This website won't let me reply to the bottom of the page. I got a CS6 disc, installed it, along with a newer version of adobe professional. The following code, for instance, now works.
strData = ""
strFileName = "c:\d\pdf\spread2z.pdf"
objApp = CreateObject("AcroExch.App")
objPDDoc = CreateObject("AcroExch.PDDoc")
If objPDDoc.Open(strFileName) Then
objjso = objPDDoc.GetJSObject
For page = 0 To objPDDoc.GetNumPages - 1
wordsCount = objjso.GetPageNumWords(page)
For i = 0 To wordsCount
mWord = objjso.getPageNthWord(page, i)
IF .not. ISNULL(mWord) = .t.
strData = strData + " " + mWord
endif
Next i
Next
STRTOFILE(strData,"adtext.txt")
MODIFY COMMAND "adtext.txt"
Else
WAIT wind "Problem with open file!",,"VBATools.pl"
EndIf
Unfortunately, all of the text comes out as a long string, without any of the original table structure evident in so many business-orientated PDF's. Would anyone know how to aotomate Adobe, extract the text while somehow retaining the adobe table structure?
thank you,
Steve
>for working with the Berzniker code as pointed ,there is a prior that adobe professional must be installed mandatory on system to access
>to its objects as AcroExch.App,AcroExch.AVDoc .

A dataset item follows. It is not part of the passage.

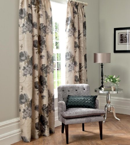 Check Here for Customer Reviews and Buy with Special Price TRUE RETRO SILVER BLACK GOLD CREAM FLORAL LINED PENCIL PLEAT CURTAINS 66" X 90"

>its like excel.application or word.application...must be installed to work on and create COM objects..
>
>
>try
>oAcroApp = CREATEOBJECT("AcroExch.App")
>catch
>messagebox("Adobe AcroExch.App not installed",16+4096,"error")
>endtry
>
>
>
>if you have adobe acrobat pro installed can work with automation and all what you see and all what you run in acrobat page pro menu can be done programmatly by automation code (and from VFP)
>
>its originally a javascript code and you can see API doc at :
>
http://www.adobe.com/content/dam/Adobe/en/devnet/acrobat/pdfs/js_api_reference.pdf>JavaScript for Acrobat API Reference
>
>There is also some vfp works on Libharu library for PDF as in Foxypreviewer, and at
https://sites.google.com/site/pdfclasses/>
>
>there is more sources and more examples of adobe automation , simply google "JavaScript for Acrobat"